Мне не пришлось напоминать о рукописи, я только назвал свою фамилию, и она, отложив свои дела, велела обождать «одну минутку». Сама же быстро скрылась в кабинете с табличкой «Главный редактор». Вышла она очень скоро и попросила меня войти. За столом сидел исполняющий обязанности главного редактора Горбачев. Пригласив присесть, он сказал, что сейчас зайдет еще один «наш товарищ» и тогда поговорим. «Товарищ» не заставил себя долго ждать. Горбачев представил его и назвал фамилию – Андреев. Они стали расспрашивать меня о том, первое ли это мое произведение или я писал и раньше что-нибудь. Потом пошли другие вопросы: «Вы давали кому-нибудь еще кроме нашей редакции читать свою рукопись?» На этот вопрос я ответил, что да, давал. Тогда последовал следующий вопрос: «А кому вы давали?» На это я ответил, что такие вопросы обычно задают на следствии, а я пока что в кабинете у главного редактора. Мне стали вежливо объяснять, что их это интересует, поскольку интересно знать мнение не только свое, но и других. Мне было задано еще несколько вопросов, суть которых сводилась к тому, чтобы я хотя бы сказал им, литераторам-профессионалам я давал читать рукопись или просто своим знакомым. Мой ответ на это был приблизительно таков: среди моих первых читателей были и литераторы-профессионалы. Услышав это, мои собеседники стали допытываться от меня имен этих профессионалов. На это я категорически отказался отвечать. Тогда меня попробовали пристыдить тем, что вот, мол, приходите в редакцию с рукописью, а отвечать на вопросы не желаете. Пришлось сказать прямо, что я не хочу называть имен, потому что прекрасно понимаю характер своего произведения и могу предвидеть последствия. «А откуда вы знаете, какие могут быть последствия?» – «Да хотя бы оттуда, что за мной уже ходят по пятам типы в штатском и преследуют всюду на машинах». При этих моих словах оба мои собеседника переглянулись. «И эти преследования начались именно после того, как я передал вам свою рукопись». Так оно и было на самом деле. У меня и сейчас сохранилось убеждение, что именно эта редакция информировала КГБ о рукописи.

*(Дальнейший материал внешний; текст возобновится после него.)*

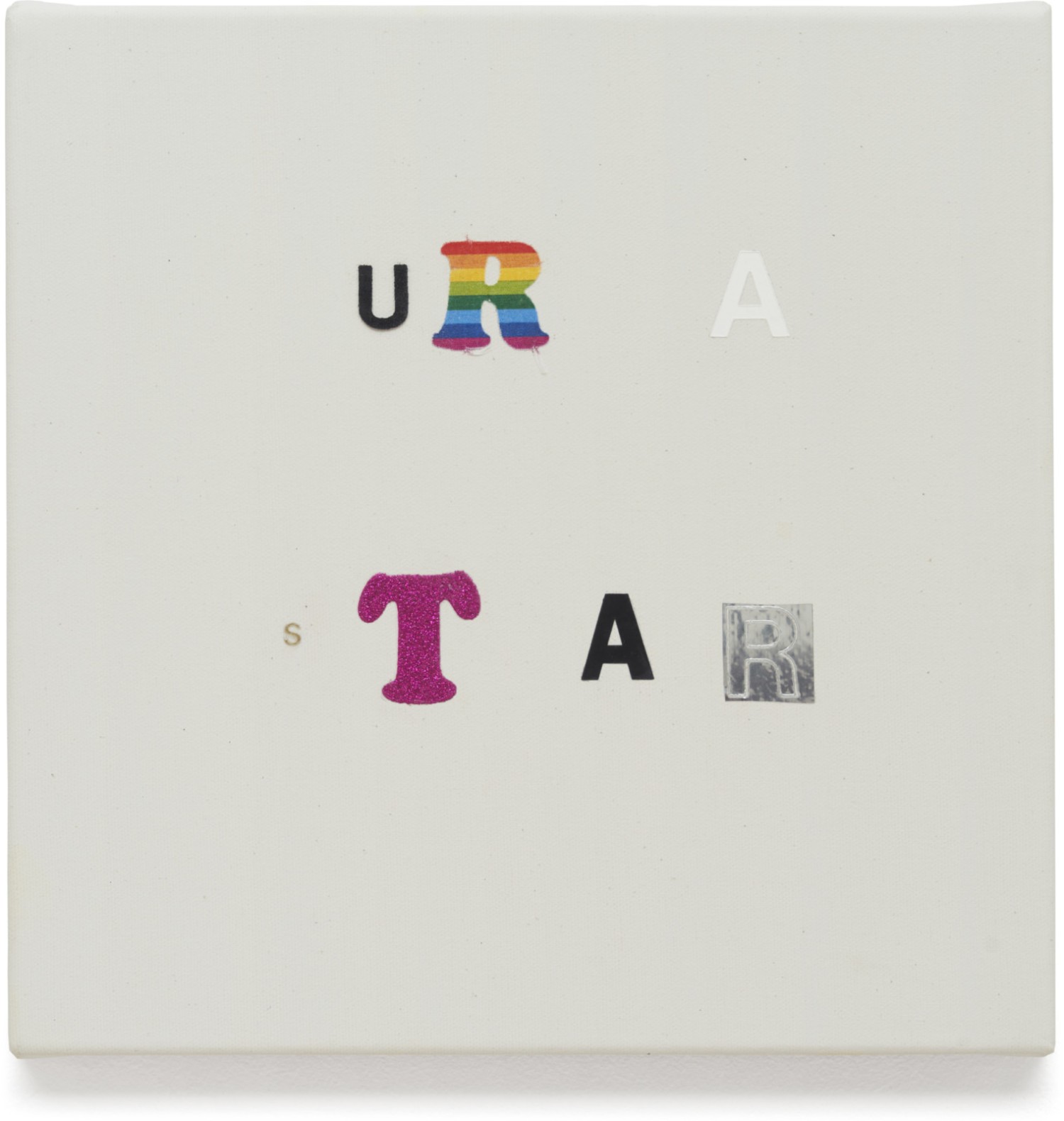 Several included works challenge traditional notions of painting. In Tron 1 (orange Pantone 151) (1999), Michel Majerus pairs a wall painting with a silkscreened canvas featuring the likeness of a German hacker who died a suspicious death in 1998 alongside a promotional image from the 1982 movie Tron. Wade Guyton’s new painting blurs technology and everyday life where analog drips are juxtaposed with printed ones. Evoking a punkish DIY attitude with her cut-and-paste methods, Maggie Lee’s “vintage paintings” take the notion of analog even further.

В конце концов я заявил, что готов говорить по существу, но категорически отказываюсь разговаривать в духе где, кому, сколько и т. д. Когда они выспрашивали у меня, кому я еще давал читать рукопись, то они при этом как профессионалы-следователи уличили меня в том, что им я отдал всего лишь третий или четвертый экземпляр, и при этом спросили: «У вас остались еще экземпляры или вы их все раздали?»
Я их прекрасно понимал и стал наседать с требованием ответить по существу. Горбачев стал говорить, что рукопись они дали на рецензию кому-то, этот кто-то прочитал, и рецензия уже готова. Тогда я спросил имя рецензента. «Простите, – развел руками Горбачев, вежливо улыбаясь, – это наша тайна, и мы не обязаны называть фамилии рецензентов. Таково правило работы редакции». Я так и до сих пор не знаю, правда это или нет.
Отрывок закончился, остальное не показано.